Koobface Virus Removal (May 2019 Update)

Parasite may reinstall itself multiple times if you don't delete its core files. We recommend downloading SpyHunter to scan for malicious programs installed with it. This may save you hours and cut down your time to about 15 minutes. 

Download SpyHunter Anti-Malware

More information on SpyHunter, steps to uninstallEULAThreat Assessment Criteria, and Privacy Policy.

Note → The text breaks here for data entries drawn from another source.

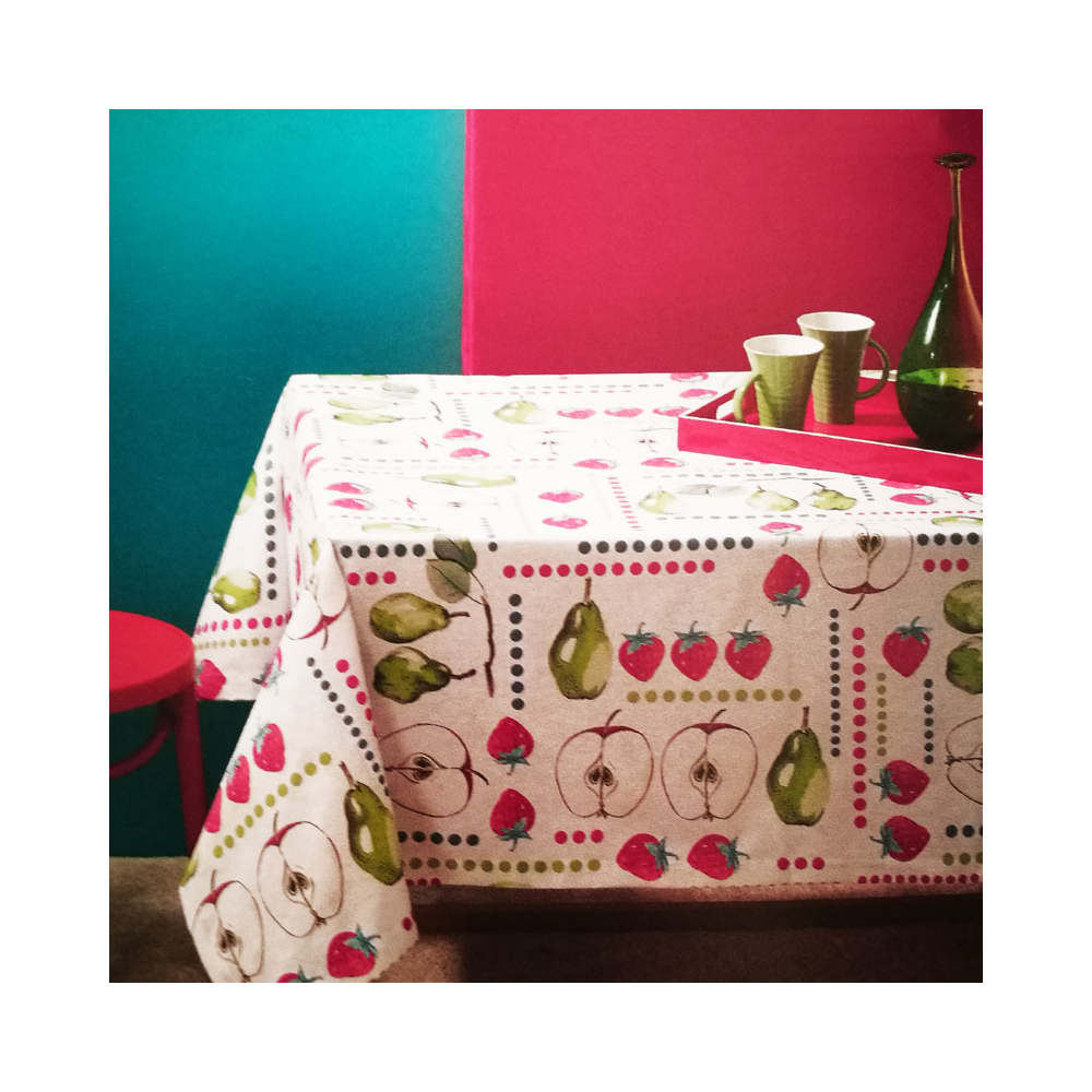 Tovaglia antimacchia sempre pulita stampata su panama di puro cotone.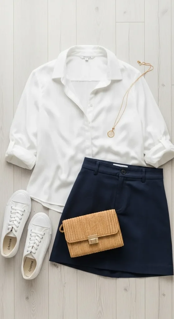 The key is to avoid high heels or boots that are too flashy—stick to sleek, clean styles that don’t steal the spotlight from the skirt.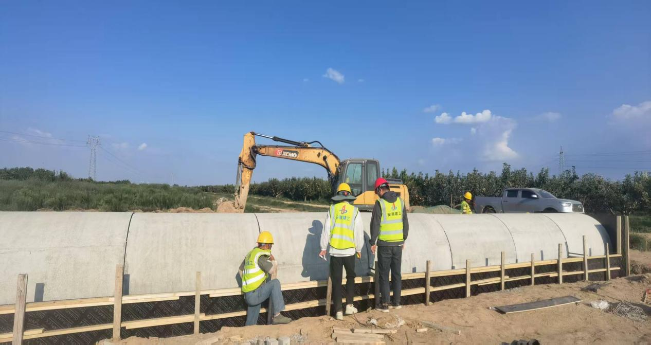 2025年7月,徐商路基02標段正式啟動圓管涵施工。本標段路線全長16.49km,共設橋梁19座,橋梁總長3959m。作為全線首個開展圓管涵施工的標段,在建設單位、監(jiān)理單位及施工單位全體人員的共同努力下,提前完成圓管涵施工方案的編制,并于近日順利完成K36+856.5處圓管涵施工任務。

How irritating is this problem? (2 votes, average: 5.00)

This page aims to help you remove Koobface Virus. Our removal instructions work for every version of Windows.

If you are seeking information regarding a malicious software program called Koobface Virus ot if you simply want to learn more about the infamous Trojan Horse malware category, you have come to the right place. In this article, you will be presented with information regarding this nasty category of dangerous programs and you will also learn how you can deal with the noxious Koobface Virus infection – a detailed removal guide has been provided own below for those of you who might need help with the elimination of the dangerous threat. Just don’t forget to read the actual article as the information that it holds is essential and highly important when it comes to making sure that infections like Koobface do not get anywhere near your PC ever again. Keep in mind that this particular virus class is one of the most dangerous and hackers that use Trojan Horses are typically able to gain remote access to your PC and control it without your knowledge meaning that the possible uses of a Trojan infection are many and oftentimes it’s cannot be said for certain what such a virus might be trying to accomplish whilst inside your PC. One thing’s for certain, though – whatever the malware’s specific purpose in your case might be, it definitely going to be something that’s at the very least illegal and unwanted.

The hidden threat

Trojans like Koobface are known for their ability to remain under the radar during the time they are on a targeted machine. There might be certain possible symptoms but most of the time there won’t be anything that could give away the infection. Potential red flags such as increased use of RAM and CPU as well as random unknown errors and sudden crashes to the dreaded Blue Screen might help you realize that there’s something potentially harmful happening with your PC yet, as we said above, you can’t rely on such infection indicators as in many cases none of those would be present during a Trojan Horse attack. Because of this, it is crucial that you have some sort of security software on your PC – an antivirus program that can help you spot potential threats and stop them before they have gotten the chance to cause any harm to your system. However, even if you are using a very high-quality antivirus, it might still fail at times and get bypassed by a certain virus, especially if it is a newer one. Koobface, for example is one if the latest Trojan Horse versions and many security tools might be unable to detect it. With this in mind, it is very important that you understand just how important it is that you make sure to always be vigilant and careful when browsing the Internet.

Koobface Virus Removal



Some of the steps will likely require you to exit the page. Bookmark it for later reference.

Reboot in Safe Mode (use this guide if you don’t know how to do it).



We get asked this a lot, so we are putting it here: Removing parasite manually may take hours and damage your system in the process. We recommend downloading SpyHunter to see if it can detect parasite files for you.

Press CTRL + SHIFT + ESC at the same time and go to the Processes Tab. Try to determine which processes are dangerous. 


Right click on each of them and select Open File Location. Then scan the files with our free online virus scanner:

Drag and Drop Files Here to Scan
Maximum file size: 128MB.

This scanner is free and will always remain free for our website's users. You can find its full-page version at:

Scan Results

Virus Scanner Result

After you open their folder, end the processes that are infected, then delete their folders. 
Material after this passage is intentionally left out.